Branch-and-bound decomposition of the series system

Each branch in the tree corresponds directly to a row in the compressed C matrix:

\(X_1 \xrightarrow{0} S = 0\) — The leftmost branch: \(X_1\) fails, so the system fails regardless of the remaining components. Because \(X_2, X_3, X_4\) are never examined on this branch, they get composite state 2 (any state) → Row 1: [0 0 2 2 2], covering 8 combinations.
\(X_1 \xrightarrow{1} X_2 \xrightarrow{0} S = 0\) — \(X_1\) survives, but \(X_2\) fails. \(X_3\) and \(X_4\) are unexamined → Row 2: [0 1 0 2 2], covering 4 combinations.
\(X_1 \xrightarrow{1} X_2 \xrightarrow{1} X_3 \xrightarrow{0} S = 0\) — \(X_1\) and \(X_2\) survive, \(X_3\) fails. \(X_4\) is unexamined → Row 3: [0 1 1 0 2], covering 2 combinations.
\(X_1 \xrightarrow{1} X_2 \xrightarrow{1} X_3 \xrightarrow{1} X_4 \xrightarrow{0} S = 0\) — The first three survive, \(X_4\) fails → Row 4: [0 1 1 1 0], covering 1 combination.
\(X_1 \xrightarrow{1} X_2 \xrightarrow{1} X_3 \xrightarrow{1} X_4 \xrightarrow{1} S = 1\) — All survive → Row 5: [1 1 1 1 1], covering 1 combination.

Notice the pattern: variables that appear after the terminating branch are never reached, so they take the composite “any state” value. This is exactly why composite states enable compression — they encode “don’t care” conditions that arise naturally from the tree structure.

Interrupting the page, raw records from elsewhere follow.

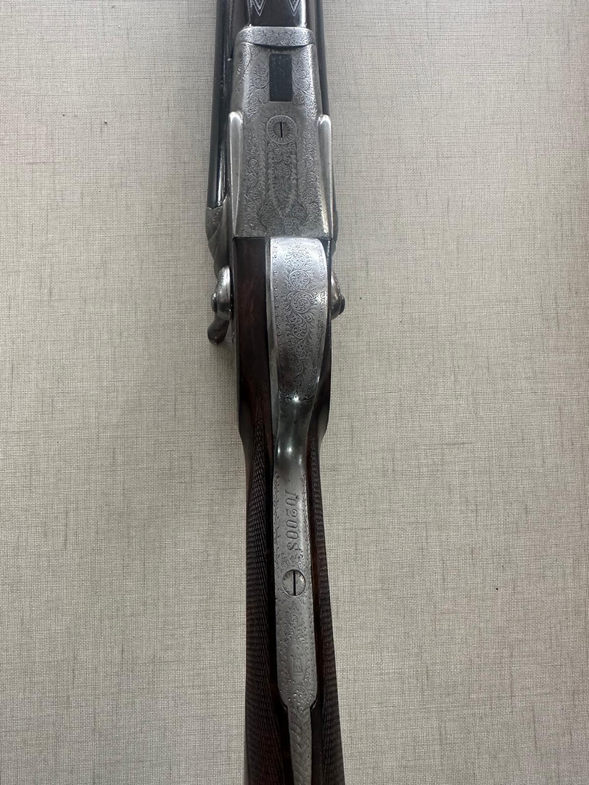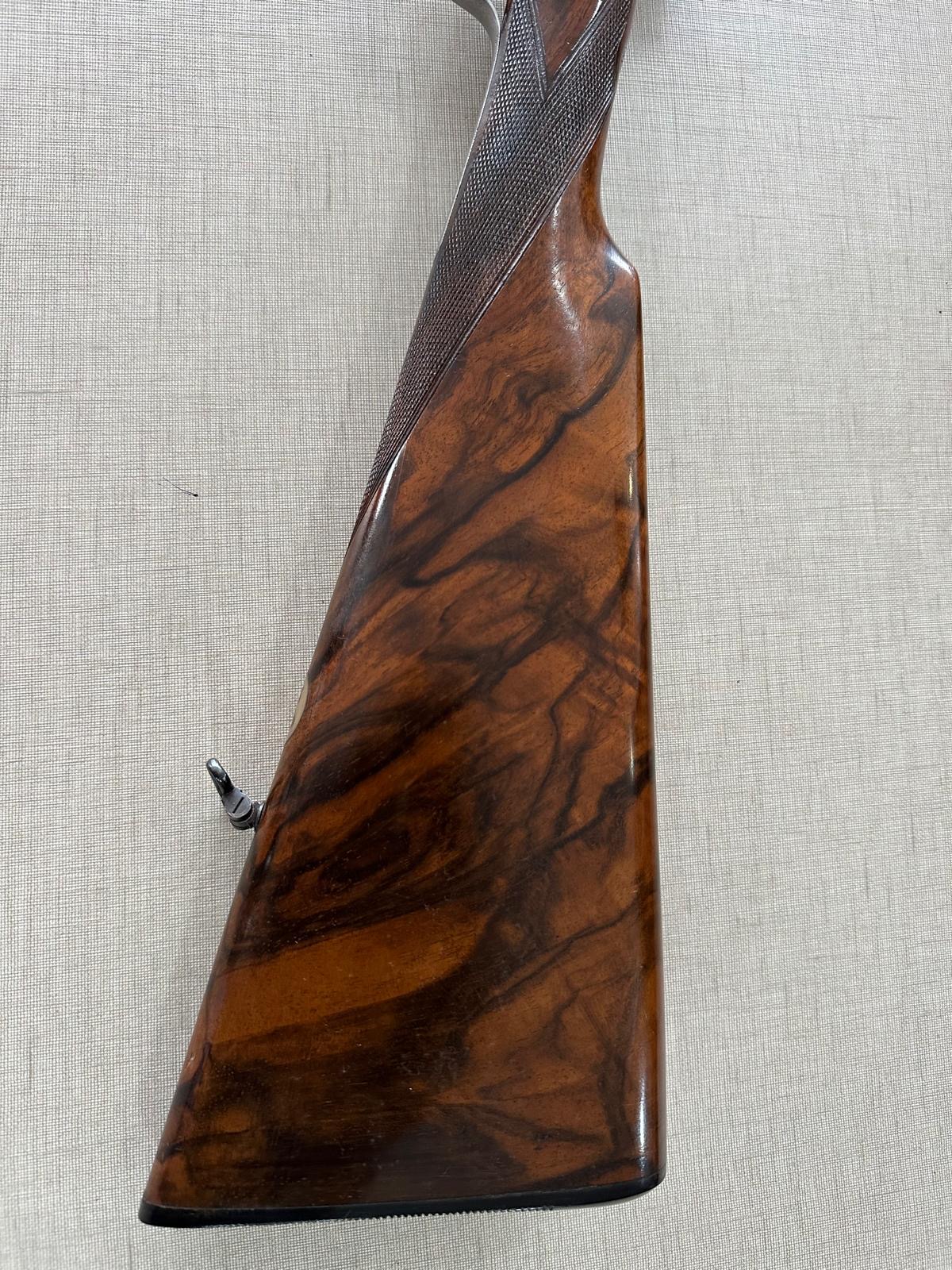Espingarda de canos duplos com detalhes em madeira e metal gravado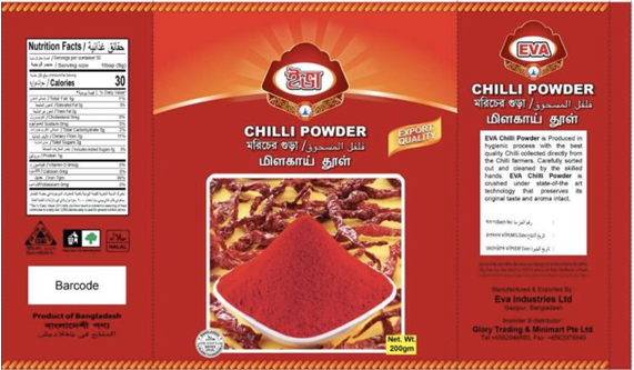 Claimant's chili and turmeric powder packaging: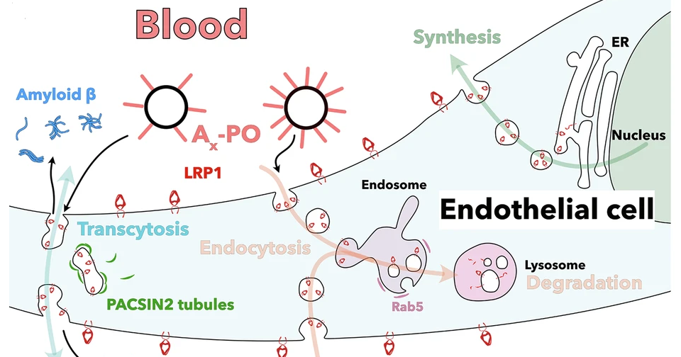 Одной из точек приложения для терапии болезни Альцгеймера мог бы стать гематоэнцефалический барьер, через который выводится бета-амилоид. В нормальных условиях его переносит мембранный белок LRP1, который экспрессируется в эндотелии и связывает патологические белки, выводя их из мозга в кровь. С возрастом (и особенно у пациентов с болезнью Альцгеймера) уровни этого белка в эндотелии многократно снижаются. Кроме того, у больных нарушено сродство белка LRP1 к бета-амилоиду. Если оно избыточно, то бета-амилоид вместе с LRP1 поступает в лизосомы внутри клеток эндотелия, что уменьшает доступность LRP1 для дальнейшего транспорта. Недостаточное сродство делает транспорт бета-амилоида невозможным.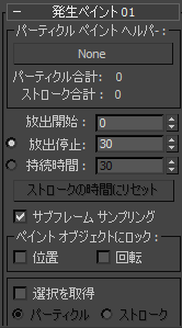 • [放出停止](Emit Stop)パーティクルのエミットを終了するフレーム番号を設定します。Particle Paint ヘルパー内のすべてのストロークの放出が完了するまでの時間が、[エミット開始](Emit Start)から[エミット停止](Emit Stop)までの時間に合わせてスケーリングされます。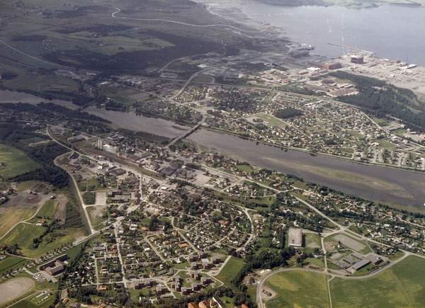 Verdalsøra for 25 år siden. Stekket er ikke oppfylt. Strand Kafe står der fremdeles, mens "Kornmagasinet" er flyttet. Boby'n er ikke påbegynt. Det er litt "snøitt" på Akerområdet. Klikk på lupen.   Utlånt av Oddvar Molde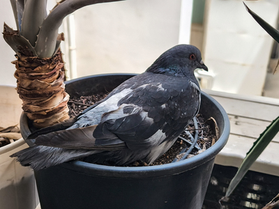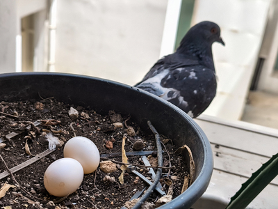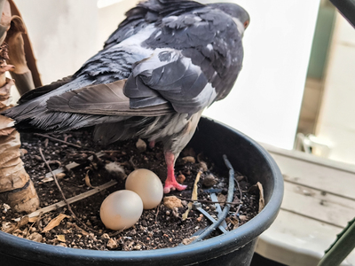 Μια περιστέρα αποφάσισε να εμπιστευτεί μια γλάστρα στο περβάζι του Κοινοβουλίου για να φτιάξει τη φωλιά της και να γεννήσει τα αβγά της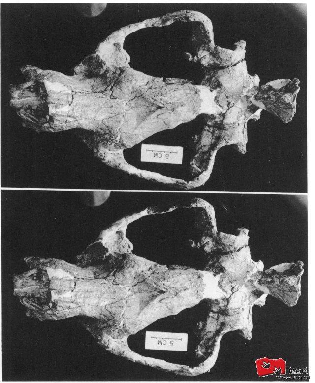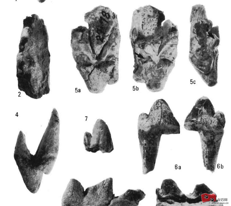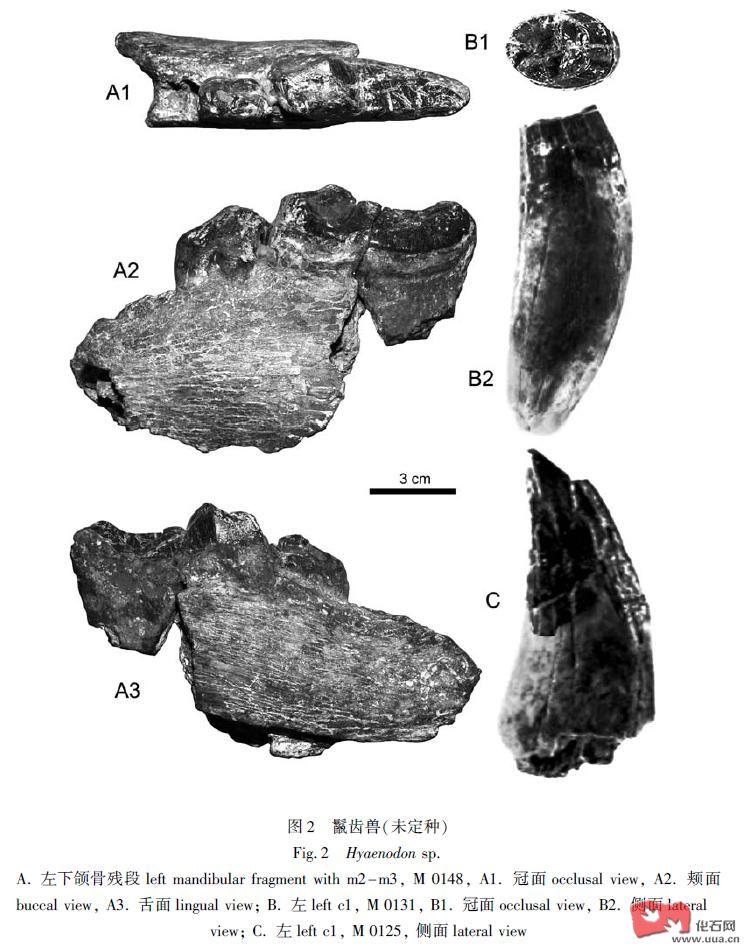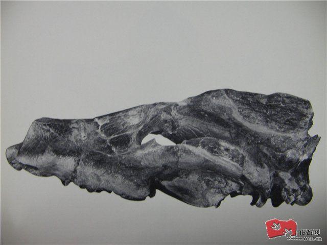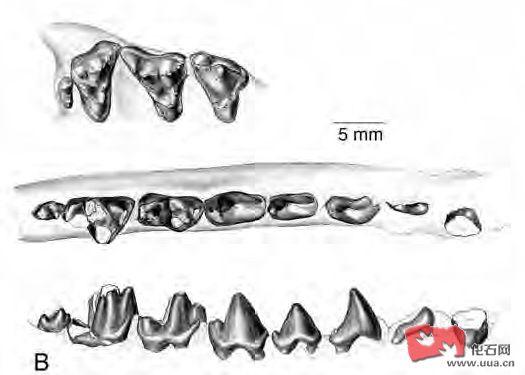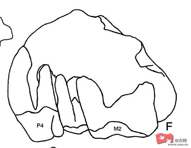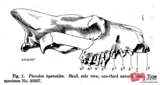 图1:Hyaenodon gigas的正模标本PST 27-10就是一块左上颌骨碎片,上面有P4–M2,由Dashzeveg描述。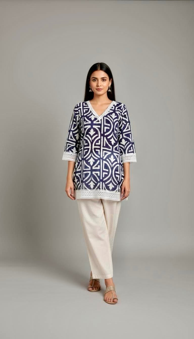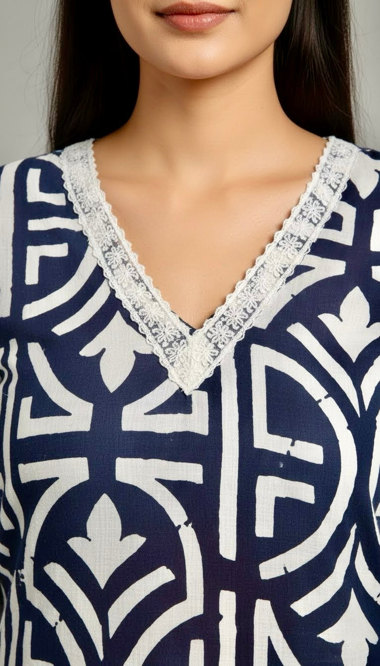 Crafted from soft, breathable cotton, this kurti features a striking navy blue base adorned with a bold white geometric print. It boasts a flattering V-neckline and three-quarter sleeves, all elegantly finished with delicate white lace trim on the neck, cuffs, and hem. This straight-cut piece is both modern and comfortable, perfect for adding a touch of sophisticated flair to any casual or festive ensemble.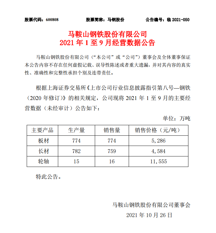 馬鞍山鋼鐵股份有限公司2021年1至9月經營數據公告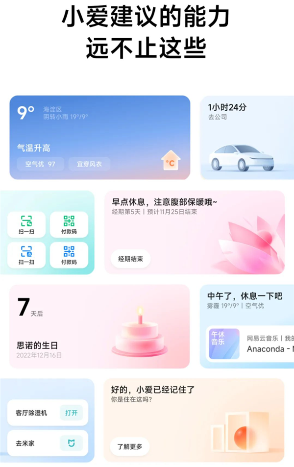 사용자의 이용 습관, 장면, 위치, 네트워크 상태 등을 기반으로 아침 일정 알림을 적극적으로 푸시하고, 지하철역에서 탑승 코드를 적극적으로 팝업 하고, 외출할 때 불을 끄십시오.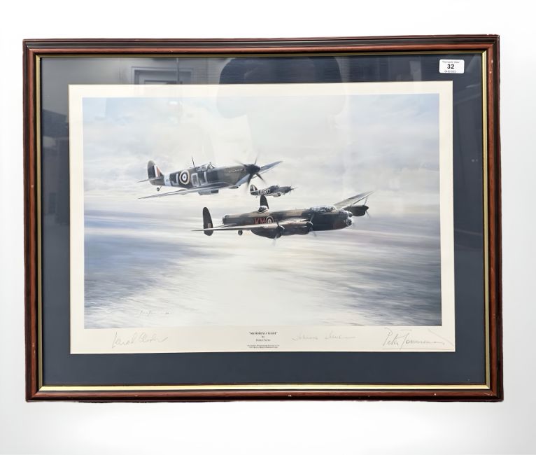 After Robert Taylor : Memorial Flight, Colour print signed by Johnnie Johnson and others, 60 cm x 42 cm

Because each path through the tree is mutually exclusive, no state combination is ever counted twice.

Key Takeaways

Composite states let a single C matrix row represent an entire family of state combinations. This transforms exponential-sized probability tables into compact, tractable representations — making it possible to run Bayesian inference on systems with thousands or millions of components.

The critical rule when building a C matrix: rows must never overlap. Branch-and-bound decomposition is a reliable way to guarantee this.